Через минуту они уже бежали по опустевшим улочкам Буянборга, держа путь на звуки самого ожесточенного боя — к причалам, где редела стена щитов и где уже виднелись чужие, озверевшие лица.

Они прятались за развалинами сожженного амбара, когда увидели отца. Бьёрн Веселый мчался на своем гнедом скакуне, как сам Один на Слейпнире, его плащ развевался, как крыло дракона, а его боевой рог пел яростную и победную песнь, собирая вокруг себя воинов. Он врезался в толпу врагов, и его знаменитый топор «Весельчак» взмывал и падал, оставляя за собой молчаливый, кровавый след… Он казался неуязвимым.

— Смотри! Отец! — прошептал Олаф, расплываясь в гордой, восторженной улыбке. — Он как бог!

Их сердца заколотились от гордости. Вот он, их герой!

Но тут зоркий глаз Акселя заметил другое. Группу вражеских лучников, засевших за опрокинутой повозкой и грудой бочек. Они не стреляли по общей массе. Их взгляды, хладнокровные и расчетливые, были прикованы к одной-единственной цели. К Бьёрну. Они целились. Выжидали. Ждали момента, когда он на мгновение откроется и подставит бок. Он был увлечен боем с мечниками и не видел угрозы.

— Смотри! — дернул Аксель брата за рукав. — Они в папку целятся!

— Атакуем! — крикнул Олаф. — Вперед!!!

Не раздумывая, два мальчика с детскими, но полными отчаянной храбрости криками выскочили из-за укрытия и бросились на лучников. Их маленькие мечи сверкнули на задымленном солнце.

Их появление было так нелепо и неожиданно, что лучники на миг остолбенели, опустив луки. Этого было достаточно. Аксель, размахнувшись, изо всех сил ударил своим мечом по ноге ближайшего лучника. Тот вскрикнул от боли и отшатнулся, споткнувшись о колесо повозки. Олаф, подскочив сбоку, тычком в бок заставил второго дернуться и выронить стрелу.

— Получите! — закричал Аксель, чувствуя прилив дикого, почти экстатического ликования. — Получите, гады! Это вам за отца!

Они сделали это! Они ранили первого врага! Они спасли отца! Они — герои!

Но торжество длилось не дольше одного удара сердца. Другие воины, вооруженные тяжелыми боевыми топорами, опомнились. Их лица, искаженные злобой и азартом убийства, повернулись к мальчишкам. Это были не герои из саг, а взрослые, озверевшие в бою мужчины, для которых жизнь ребенка ничего не стоила.

Один из них, коренастый детина с синей татуировкой волка на щеке, с размаху, почти не глядя, ударил Олафа обухом топора по голове. Раздался короткий, сухой, кошмарный хруст. Младший брат даже не вскрикнул, его тело просто обмякло и рухнуло на землю, как тряпичная кукла.

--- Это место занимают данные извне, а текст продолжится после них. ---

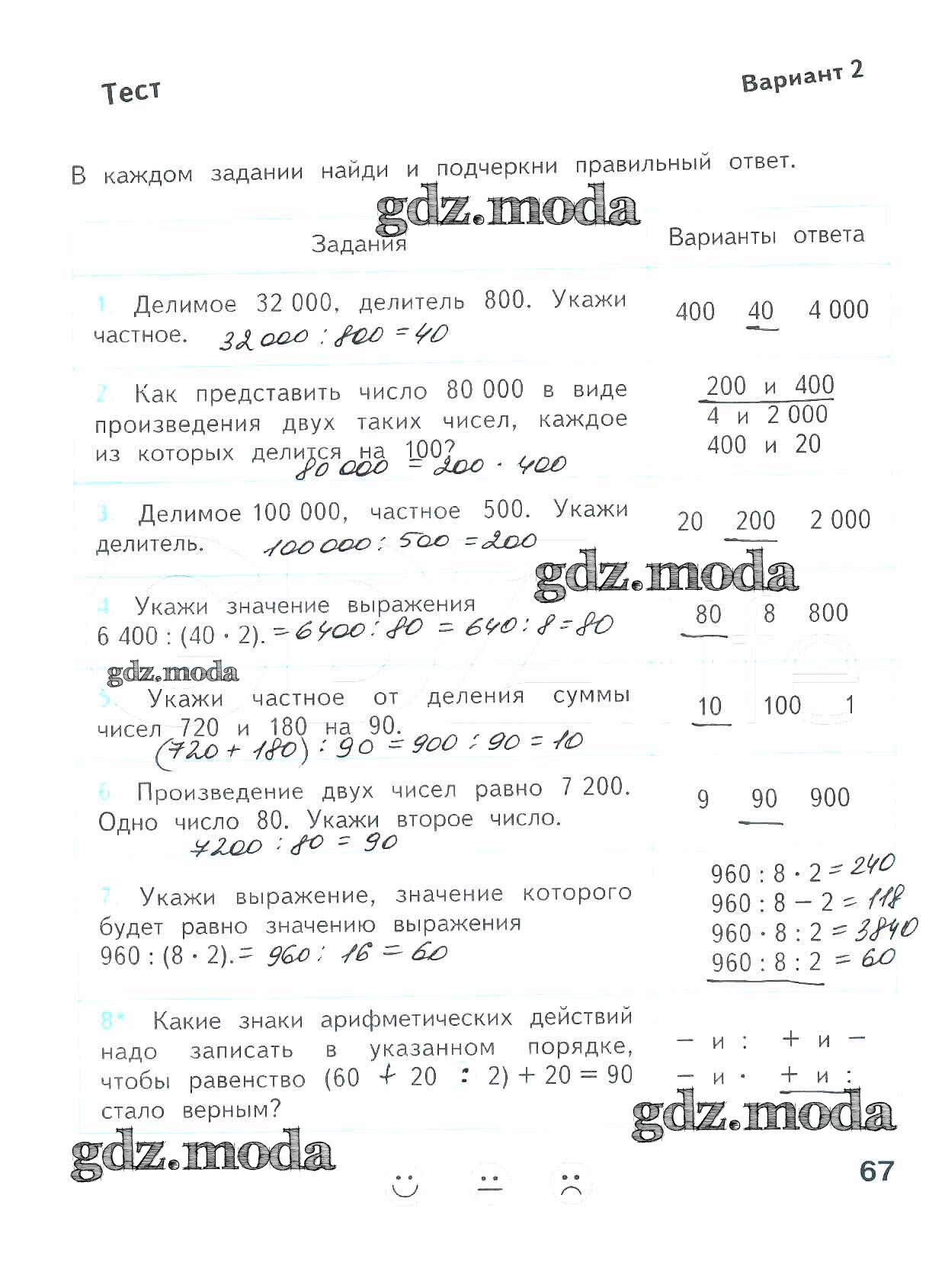 ОТВЕТ на задание № 67 Проверочные работы по Математике 4 класс Волкова Школа России

— ОЛАФ! — закричал Аксель, и в его крике было столько ужаса и боли, что она на миг затмила все вокруг.

Он не увидел второго удара. Топор вошёл ему в спину, между лопаток, с коротким, влажным, чавкающим звуком. Боль была ослепительной, жгучей и странно глухой. Он упал на окровавленные, закопченные камни, глядя в небо, затянутое черным и багровым дымом. В глазах у него потемнело.

Последнее, что он увидел, — это как к ним, расталкивая врагов, бежала мать. Ее прекрасное лицо было искажено таким нечеловеческим ужасом, таким вселенским горем, что ему стало странно и обидно. И последнее, что он услышал, — это не собственный крик, а громоподобный, разрывающий душу рёв отца, в котором было все: и ярость, и отчаяние, и крушение мира, и пронзительный, нечеловеческий, материнский вопль, слившиеся воедино: — НЕ-Е-Е-ЕТ!!! МОИ МАЛЬЧИКИ!!!

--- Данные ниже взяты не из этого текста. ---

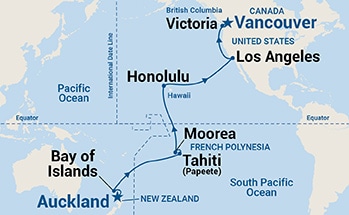 8 ports from Auckland (New Zealand) to Vancouver

Последняя мысль была детской, наивной и несправедливой, обжигающей душу своим простодушием: «Странно… Я думал, папка будет гордиться мной… а он… плачет…»

И тьма накрыла его с головой, унося в беззвездную ночь.

* * *

Бьёрн и его дружина, словно таран, врубались в гущу вражеских воинов, пробиваясь к центру Буянборга, к своей усадьбе. Его топор, тяжелый и неумолимый, жаждал одной крови — крови Харальда Прекрасноволосого. Он искал в дыму и хаосе боя его алый плащ, его серебряные космы. И в этот миг, когда он отбросил очередного нападавшего, его взгляд скользнул по периметру и упал на ту самую группу лучников у разбитой повозки…

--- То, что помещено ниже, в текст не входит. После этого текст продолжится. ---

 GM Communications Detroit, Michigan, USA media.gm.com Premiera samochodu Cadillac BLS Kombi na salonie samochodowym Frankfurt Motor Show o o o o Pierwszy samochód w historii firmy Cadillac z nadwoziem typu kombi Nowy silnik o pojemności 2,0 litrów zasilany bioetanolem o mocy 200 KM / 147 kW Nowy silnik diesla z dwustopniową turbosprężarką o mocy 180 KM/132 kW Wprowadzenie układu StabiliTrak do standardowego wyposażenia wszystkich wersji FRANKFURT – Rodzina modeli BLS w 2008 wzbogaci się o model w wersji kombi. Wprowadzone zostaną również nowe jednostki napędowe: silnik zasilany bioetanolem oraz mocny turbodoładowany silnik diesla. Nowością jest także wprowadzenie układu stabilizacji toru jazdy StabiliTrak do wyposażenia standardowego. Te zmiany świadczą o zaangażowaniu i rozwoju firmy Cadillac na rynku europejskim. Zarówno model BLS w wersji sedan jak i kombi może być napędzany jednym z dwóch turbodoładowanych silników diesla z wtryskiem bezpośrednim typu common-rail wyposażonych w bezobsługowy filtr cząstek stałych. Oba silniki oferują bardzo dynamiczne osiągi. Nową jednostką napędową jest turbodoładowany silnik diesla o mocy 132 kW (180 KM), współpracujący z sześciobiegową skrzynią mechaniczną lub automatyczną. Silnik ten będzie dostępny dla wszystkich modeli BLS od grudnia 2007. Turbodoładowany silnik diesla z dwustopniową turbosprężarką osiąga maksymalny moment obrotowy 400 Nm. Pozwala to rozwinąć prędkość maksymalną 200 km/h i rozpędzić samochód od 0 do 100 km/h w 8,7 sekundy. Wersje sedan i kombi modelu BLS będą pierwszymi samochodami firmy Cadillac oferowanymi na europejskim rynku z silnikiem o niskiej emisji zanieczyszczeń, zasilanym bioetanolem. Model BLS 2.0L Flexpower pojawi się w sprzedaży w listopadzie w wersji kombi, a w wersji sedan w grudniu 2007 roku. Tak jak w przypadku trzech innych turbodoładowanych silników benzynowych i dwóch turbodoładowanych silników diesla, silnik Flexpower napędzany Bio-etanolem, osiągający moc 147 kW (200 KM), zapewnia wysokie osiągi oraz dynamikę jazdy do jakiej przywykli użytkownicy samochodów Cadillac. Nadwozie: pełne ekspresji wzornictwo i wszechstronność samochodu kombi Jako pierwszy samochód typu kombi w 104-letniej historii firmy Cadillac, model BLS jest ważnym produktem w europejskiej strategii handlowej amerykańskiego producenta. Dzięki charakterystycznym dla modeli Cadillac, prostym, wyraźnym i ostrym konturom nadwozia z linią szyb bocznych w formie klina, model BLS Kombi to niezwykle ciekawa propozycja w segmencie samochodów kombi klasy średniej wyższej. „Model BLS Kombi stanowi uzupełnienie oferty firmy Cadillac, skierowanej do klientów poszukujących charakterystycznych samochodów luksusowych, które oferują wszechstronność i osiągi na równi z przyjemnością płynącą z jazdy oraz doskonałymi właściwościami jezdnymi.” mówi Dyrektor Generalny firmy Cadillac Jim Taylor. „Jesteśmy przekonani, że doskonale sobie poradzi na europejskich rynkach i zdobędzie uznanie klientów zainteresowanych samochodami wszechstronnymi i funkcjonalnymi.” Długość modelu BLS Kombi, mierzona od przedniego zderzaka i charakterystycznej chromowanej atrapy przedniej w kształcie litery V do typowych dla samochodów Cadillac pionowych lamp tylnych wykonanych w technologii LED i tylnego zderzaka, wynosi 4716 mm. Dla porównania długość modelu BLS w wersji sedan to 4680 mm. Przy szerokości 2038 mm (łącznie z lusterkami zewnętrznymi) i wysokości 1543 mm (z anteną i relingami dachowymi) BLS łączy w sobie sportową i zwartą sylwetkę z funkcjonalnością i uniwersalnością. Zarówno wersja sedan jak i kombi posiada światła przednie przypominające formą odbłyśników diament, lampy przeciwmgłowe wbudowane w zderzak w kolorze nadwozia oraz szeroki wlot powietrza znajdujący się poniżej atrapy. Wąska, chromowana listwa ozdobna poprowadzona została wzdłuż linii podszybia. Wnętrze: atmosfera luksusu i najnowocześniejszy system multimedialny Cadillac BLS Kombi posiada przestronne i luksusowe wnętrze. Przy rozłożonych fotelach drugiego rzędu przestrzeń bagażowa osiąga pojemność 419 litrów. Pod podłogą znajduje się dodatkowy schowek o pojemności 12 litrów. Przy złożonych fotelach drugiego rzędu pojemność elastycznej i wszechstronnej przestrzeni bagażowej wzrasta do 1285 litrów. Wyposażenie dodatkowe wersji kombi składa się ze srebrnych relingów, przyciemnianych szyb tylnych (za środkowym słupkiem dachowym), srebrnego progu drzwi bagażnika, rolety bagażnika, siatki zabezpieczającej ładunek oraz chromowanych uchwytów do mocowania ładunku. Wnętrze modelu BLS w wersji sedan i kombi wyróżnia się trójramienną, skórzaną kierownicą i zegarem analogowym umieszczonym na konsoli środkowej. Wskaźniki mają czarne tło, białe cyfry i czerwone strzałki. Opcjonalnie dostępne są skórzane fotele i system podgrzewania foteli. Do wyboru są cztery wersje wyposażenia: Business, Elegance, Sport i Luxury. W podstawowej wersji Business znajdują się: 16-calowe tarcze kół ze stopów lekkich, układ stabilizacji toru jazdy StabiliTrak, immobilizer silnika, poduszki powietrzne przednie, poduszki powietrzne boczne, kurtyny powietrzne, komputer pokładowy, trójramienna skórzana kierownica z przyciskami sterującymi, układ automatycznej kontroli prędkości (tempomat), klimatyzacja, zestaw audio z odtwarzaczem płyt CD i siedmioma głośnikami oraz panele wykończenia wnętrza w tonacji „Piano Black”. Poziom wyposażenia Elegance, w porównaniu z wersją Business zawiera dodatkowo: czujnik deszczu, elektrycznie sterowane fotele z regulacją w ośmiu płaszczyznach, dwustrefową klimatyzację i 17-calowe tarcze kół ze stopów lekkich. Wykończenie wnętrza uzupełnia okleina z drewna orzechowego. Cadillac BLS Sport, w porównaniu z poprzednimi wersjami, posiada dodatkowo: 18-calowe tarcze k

Он увидел своих мальчиков. Акселя и Олафа. Лежащих в неестественных позах в огромной луже крови у стен того самого амбара, где они когда-то играли в прятки. Ингвильд бежала к ним, ее лицо было искажено маской такого ужаса и такой боли, что он не видел ничего подобного даже в самых страшных кошмарах.